Um dia saberás

André Gouvea

A mente estava vazia, as dores aumentavam, o vento soprava a última folha que restará no galho; todos estavam espantados, devido a tamanho poder de destruição concentrado na área, fim dos tempos. Apenas uma lembrança, uma única gota de lembrança caiu em toda imensa carga de sentimentos que se recolhiam a sua mente. Porque isto, porque lembrar disto agora pensava, esforcei-me tanto para nada, nunca deveria ter vindo. Ouça espírito te recusas a abandonar está carne, que esperás como acalanto, e que te fazes sobrepujar os mares da desesperança, não poderás perder o controle, não posso. Insanidade temporária, devagando. Muros me cercam, só vejo sangue, maldito sangue. Amaldiçoado sangue que me faz caminhar entre a Luz e as Trevas, doce é o beijo que ela me deixou, amargo em sua despedida, mel, fel. Queria apenas viver, mas não posso, nunca poderei, responsabilidades, promessas inacabadas, ainda não me fiz por vencido e nunca me farei.

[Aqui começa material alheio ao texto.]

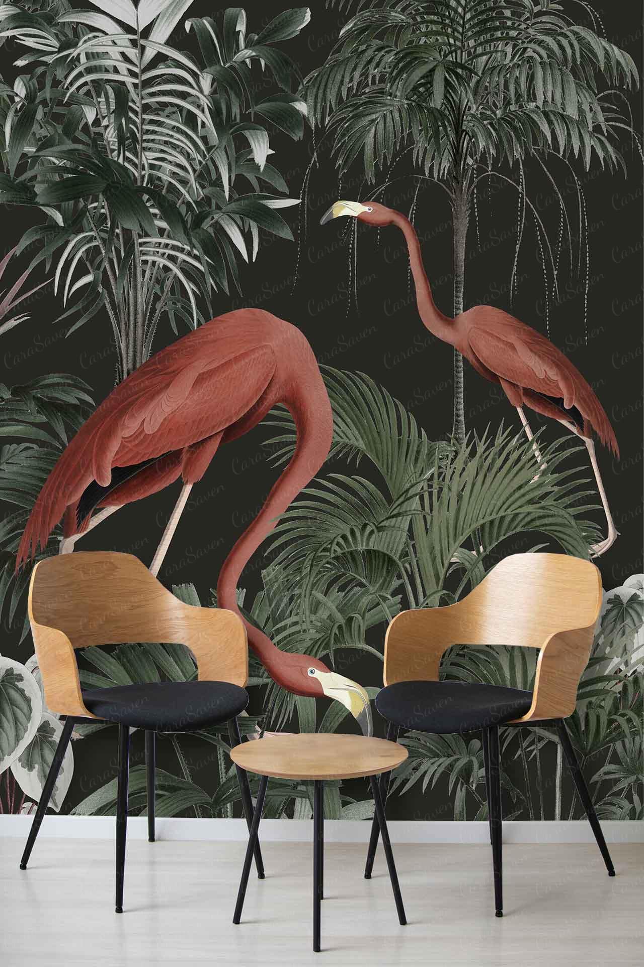 Vibrant floral and bird wallpaper featuring colorful flowers and birds in lively patterns, with bold hues of pink, green, blue, and yellow creating a dynamic focal point in the room.

Deixem-me em paz malditos, não existe controle para que aqueles que não controlam seus demônios internos, como posso dimensionar o futuro, se olhando me por dentro não controlo minhas vontades.

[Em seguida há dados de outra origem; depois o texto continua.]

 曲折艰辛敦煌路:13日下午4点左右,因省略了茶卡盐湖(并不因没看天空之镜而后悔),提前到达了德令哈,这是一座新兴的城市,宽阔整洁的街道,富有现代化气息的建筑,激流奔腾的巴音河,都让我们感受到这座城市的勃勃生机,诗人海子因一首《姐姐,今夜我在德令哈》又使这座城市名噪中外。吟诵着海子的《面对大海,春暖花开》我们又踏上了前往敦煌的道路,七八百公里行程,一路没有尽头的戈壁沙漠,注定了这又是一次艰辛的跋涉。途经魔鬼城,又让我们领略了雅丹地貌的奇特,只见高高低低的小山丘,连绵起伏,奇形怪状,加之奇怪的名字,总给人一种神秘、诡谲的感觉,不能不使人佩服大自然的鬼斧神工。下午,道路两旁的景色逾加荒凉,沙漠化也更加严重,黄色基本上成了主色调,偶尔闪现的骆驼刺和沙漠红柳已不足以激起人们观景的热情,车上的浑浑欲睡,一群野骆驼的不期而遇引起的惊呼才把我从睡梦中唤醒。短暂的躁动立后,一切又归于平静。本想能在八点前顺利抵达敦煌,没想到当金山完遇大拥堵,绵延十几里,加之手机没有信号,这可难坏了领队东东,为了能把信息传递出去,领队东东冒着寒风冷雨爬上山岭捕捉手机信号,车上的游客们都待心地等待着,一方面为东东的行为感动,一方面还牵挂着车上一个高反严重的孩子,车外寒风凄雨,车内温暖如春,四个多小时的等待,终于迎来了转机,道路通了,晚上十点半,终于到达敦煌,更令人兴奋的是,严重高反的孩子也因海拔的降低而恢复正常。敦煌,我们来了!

Se encontro minha imagem nas sombras, acendo uma chama, se encontro o caminho da iluminação fecho a casca que me protege das dores, das cores, do poder. Impulso, pulso latente queima a corrente, corrente de desgraças que persegue a vida e a morte daqueles que falharam, preciso responder, preciso voar. Mestro o discípulo aprendo, sem conhecer, imagino; estou na montanha, no ar, no lago. Sou um sopro que teima, que queima que esconjura na falta da eloqüencia, pois baseio-me na aparência, na forma, nas sombras de um futuro que nunca saberá o que terá a dizer.

Cacem-me, persigam-me, matem-me, sou o predador que nunca soube que era caça, vida de farsas que saboreiam os iluminados, pelados pelas vergonhas passadas na frente da multidão, sou tudo e nada, serei sempre ninguém e ao mesmo tempo alguém, sigo a voz da esperança que grita ao universo a verdade sem piedade da alma derrocada, apenas ouça e veja o brilho da espada reluzente, talvez cadente descer ao inferno, enfermo como as últimas folhas que caem ao chão.